From two incomes of $3,500 and $3,300, you can save $1,360 per month (20% of your combined income) and $16,320 per year.

The digital envelopes budgeting method

Are you wondering how to save money for your child or for any other purpose? This method can answer your question. The digital envelopes method is a flexible budgeting strategy. It allows you to divide your budget as you please.

For each spending category, you will create an envelope. In the digital sphere, this means a separate area. Then, assign a specific fund to each spending type and transfer it to its envelope. Every month, only spend the allocated budget.

Image source: Pixabay H/T Geralt

Frequently Asked Questions FAQs

How much should I save for my kid’s college?

It is hard to answer this question. The answer depends on tuition fees. These depend on the university and study program. Note that a year of college tuition for a public college, for out-of-state students can cost around $27,560 on average. To this cost, also add the living expenses, in case your kid needs to move to a different city. Maybe you want to budget for this expense by following these steps:

  1. Determine the amount you need (tuition & living expenses).
  2. Calculate how much you can save monthly for this expense.
  3. Save that amount in a separate account to avoid using it.

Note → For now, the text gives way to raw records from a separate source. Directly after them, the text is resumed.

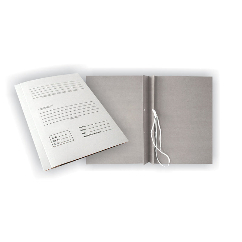 Pagamintas iš kartono. Su raišteliais. Pigus būdas dokumentams nešioti, archyvuoti. A4 formatas. Galima įdėti 370 – 430 lapų. Nugarėlė 4 cm. Balta spalva. Aplanko popieriaus gramatūra - 300 g/m2.
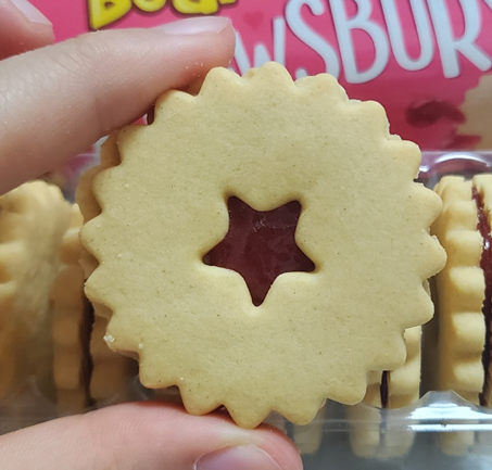 스트로베리는 쿠키 사이에 딸기 잼이 들어 있어요.ㅎㅎ 후렌치파이의 딸기 잼과 비슷한 쨈이 들어있는데 과자의 담백함과 잘 어울렸어요.ㅎㅎ
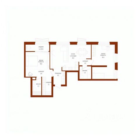 Отделка под чистовую. В санузле — монолитный потолок, на полу — гидроизоляция и стяжка, стены оштукатурены. В одном санузле установлены унитаз и раковина. В остальных помещениях потолок — монолит, на полу — стяжка, стены оштукатурены.
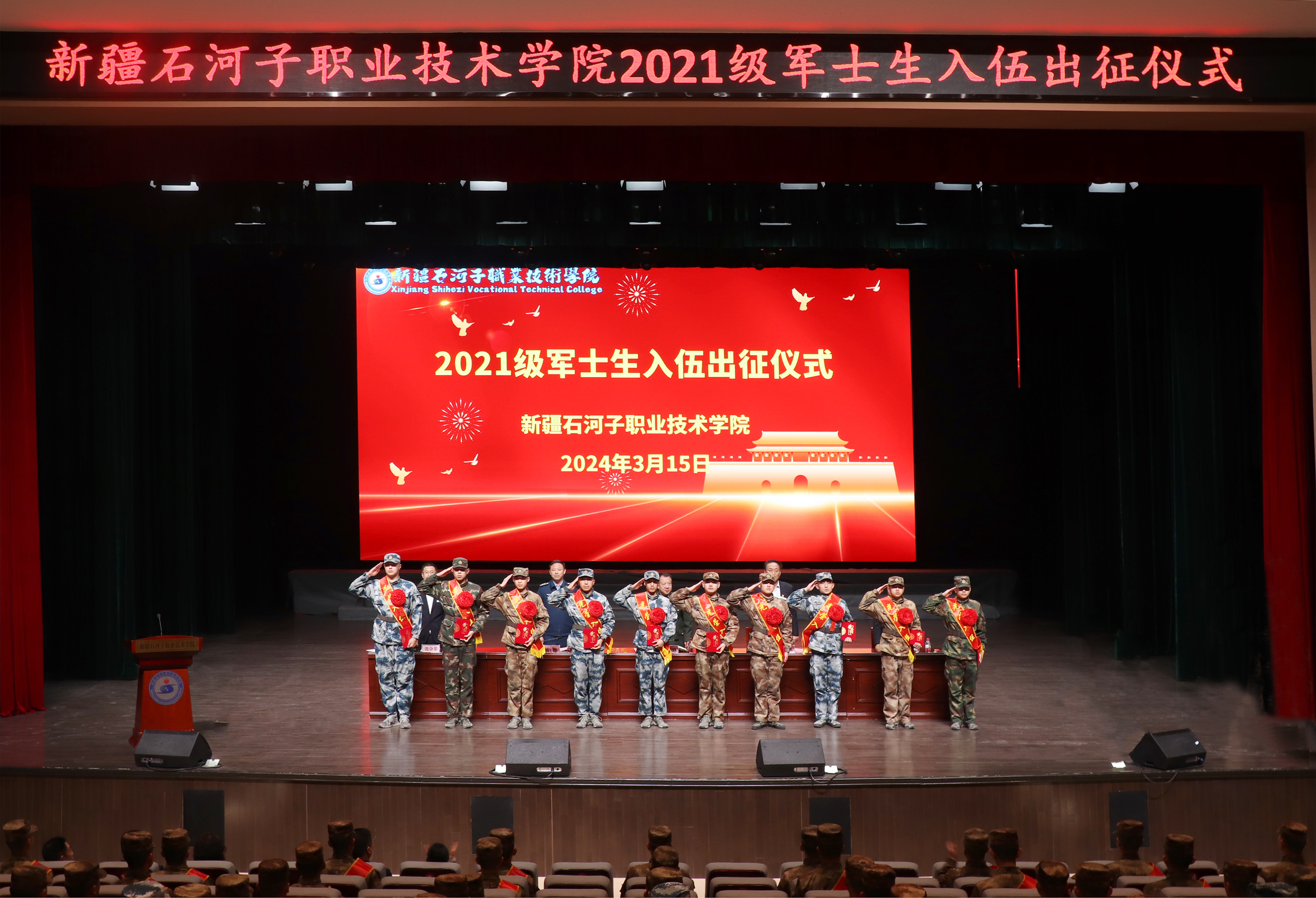 (徐千然 报道)风华正茂抒壮志,参军报国正当时。2024年3月15日,beat365唯一官方网站在学院学术报告厅顺利举行2021级军士生入伍出征仪式,第八师石河子市党委常委、师人武部大校政治委员曹登峰,空军工程大学航空机务士官学校外训大队中校副大队队长高伟,beat365唯一官方网站党委书记史文革、纪委书记万祥军、副院长张金果,二级学院相关领导、军士学院教官,军士学院全体学生及家长代表共同见证了这一庄严、激动人心的时刻。仪式由张金果副院长主持。
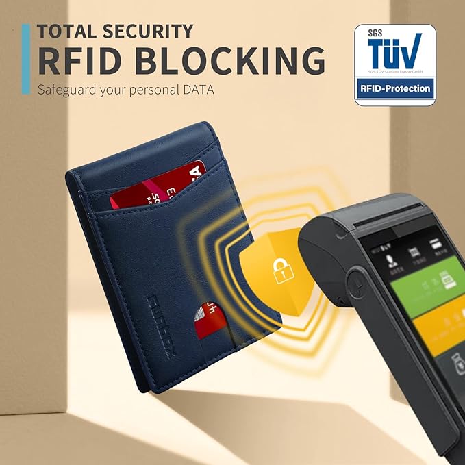 • RFID Blocking - Our wallets are equipped with advanced RFID SECURE Technology, a unique metal composite, engineered specifically to block 13.56 MHz or higher RFID signals and protect the valuable information stored on RFID chips from unauthorized scans. License and ID cards will be protected effectively. Blocking the 13.56 MHz band and protect against data theft by RFID scanners
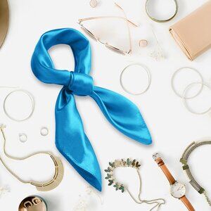 Women's Sky Blue Silk Feeling Scarf 23.6'' Square Satin Scarf Neck Head Bandana
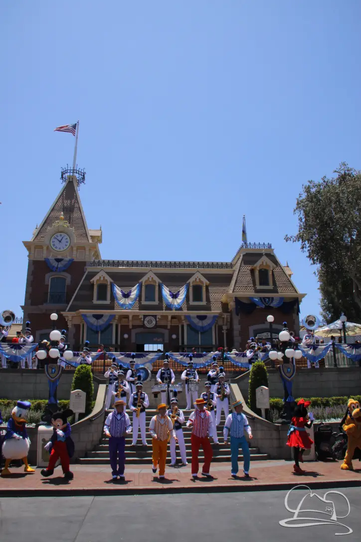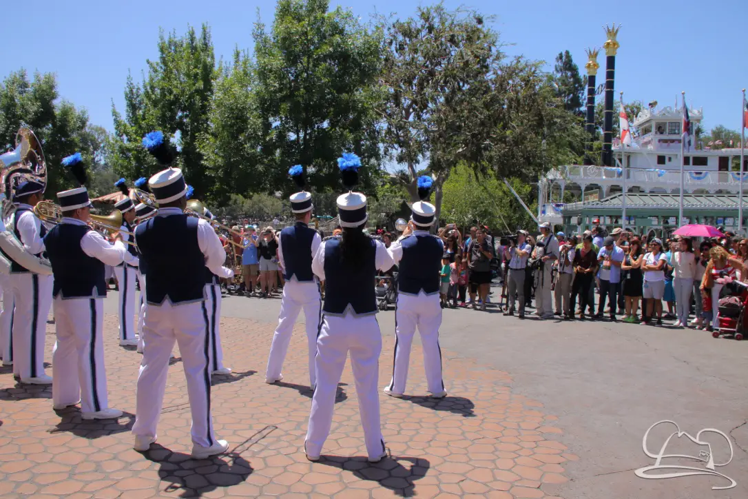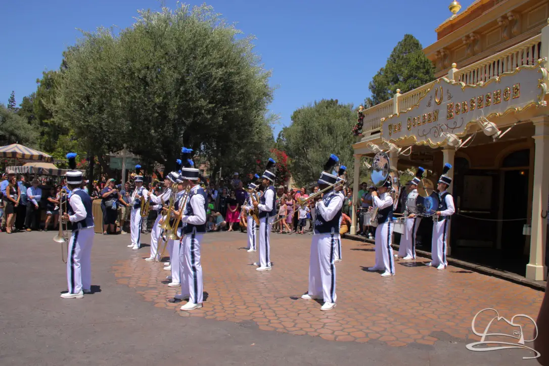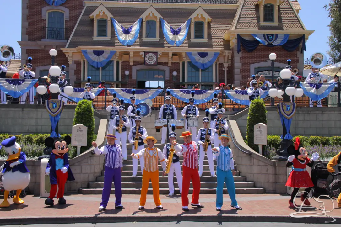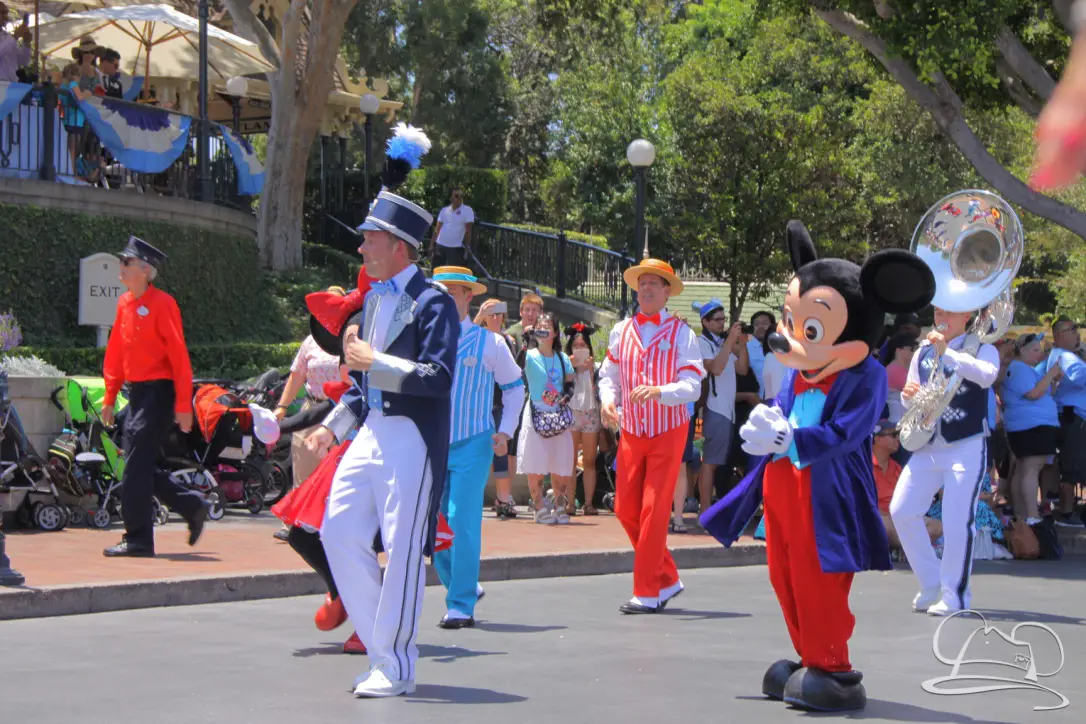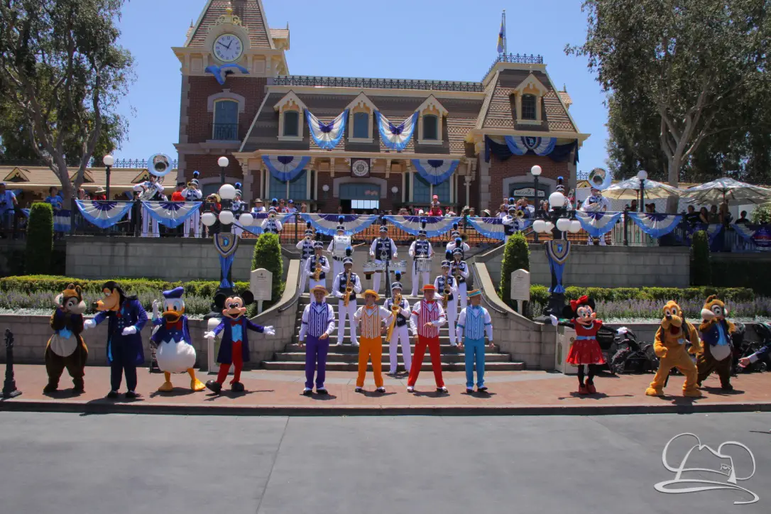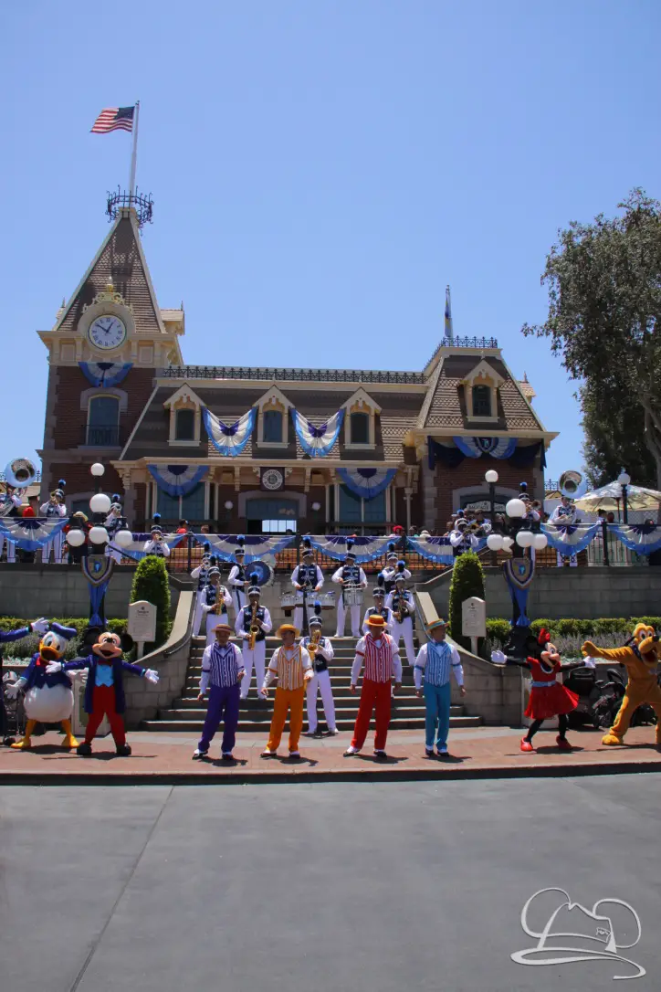 Disneyland’s 60th Anniversary Ceremony wasn’t the only exciting thing happening on July 17, 2015. The Disneyland band showcased their new look, new music, and new choreography! They were warmly received as they marched around Main Street and Frontierland. A highlight was definitely the castle set where they were joined by Mickey and the gang and then as they made their way down Main Street, USA the Dapper Dans also joined in on the fun!

How to save money for my child’s college fast?

To save money faster, you should budget. The digital envelopes strategy is a good solution. This method helps you achieve your savings purpose quickly. It can also help you fix your credit faster. It promotes spending a limited amount on all your necessities. As a result, you put more money aside for college fees. You can also use the half-payment method to pay bills and put money aside for college.

How soon should I start saving money for my kid’s college?

The sooner you start, the better. That way you have time to put aside more money. If you open a savings account, you will also earn interest. This will add more money to your college fund.